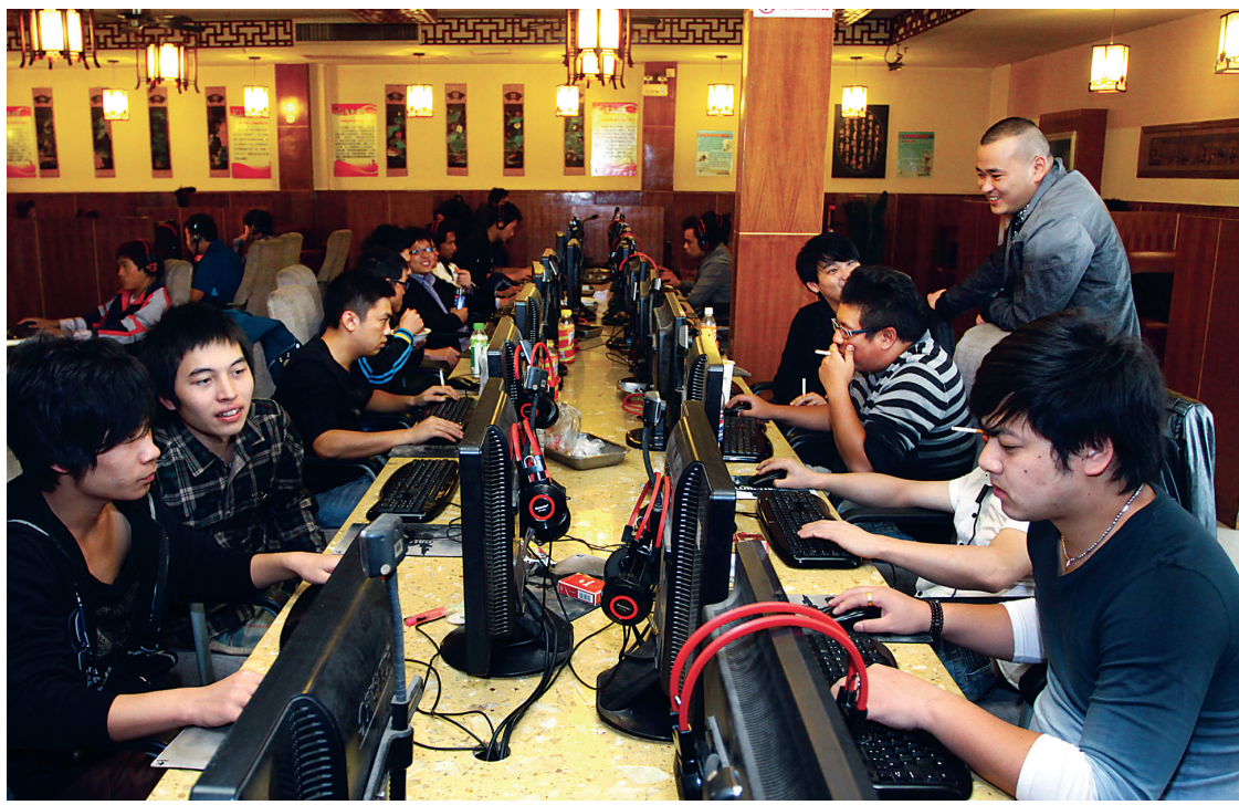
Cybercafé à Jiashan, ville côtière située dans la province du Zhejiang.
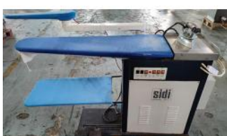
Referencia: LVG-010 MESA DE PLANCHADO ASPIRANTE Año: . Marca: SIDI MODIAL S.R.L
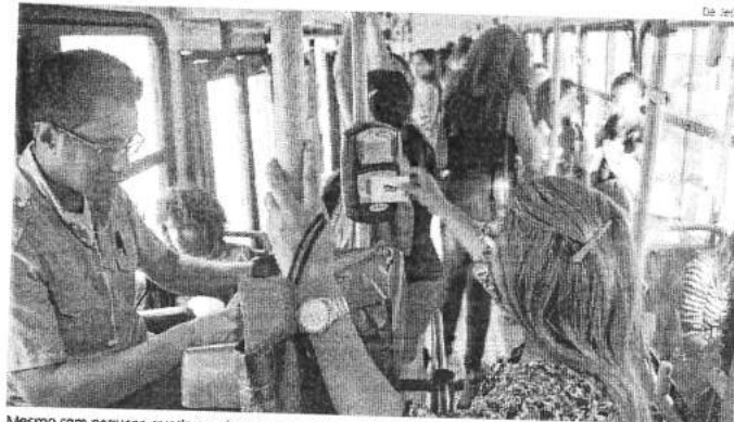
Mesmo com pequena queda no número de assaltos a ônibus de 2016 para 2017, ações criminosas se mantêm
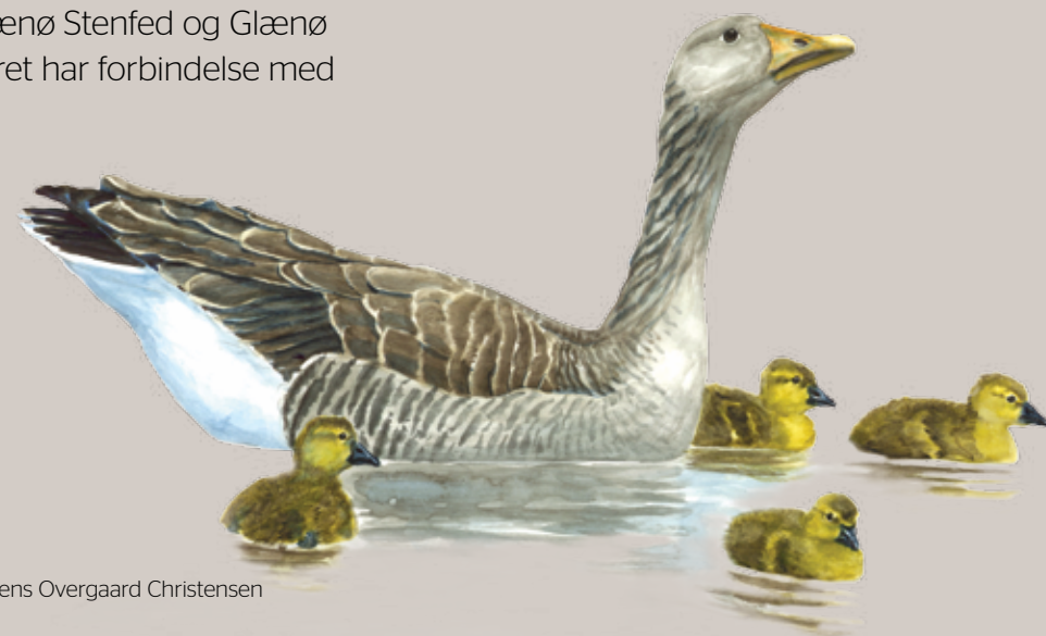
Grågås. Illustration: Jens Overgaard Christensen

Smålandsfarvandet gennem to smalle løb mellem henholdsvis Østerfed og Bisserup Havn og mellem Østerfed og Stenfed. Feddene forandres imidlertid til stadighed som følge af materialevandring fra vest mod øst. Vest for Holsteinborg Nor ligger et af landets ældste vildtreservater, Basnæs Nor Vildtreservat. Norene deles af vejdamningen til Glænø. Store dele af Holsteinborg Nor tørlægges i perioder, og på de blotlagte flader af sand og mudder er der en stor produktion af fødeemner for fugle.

---+---

== TASK BRIEF ==
Without the pictures, return the listing above from its first line through the line that has "Grågås. Illustration: Jens".

== OUTPUT FOR THIS TASK ==
Cybercafé à Jiashan, ville côtière située dans la province du Zhejiang.
Referencia: LVG-010 MESA DE PLANCHADO ASPIRANTE Año: . Marca: SIDI MODIAL S.R.L
Mesmo com pequena queda no número de assaltos a ônibus de 2016 para 2017, ações criminosas se mantêm
Grågås. Illustration: Jens Overgaard Christensen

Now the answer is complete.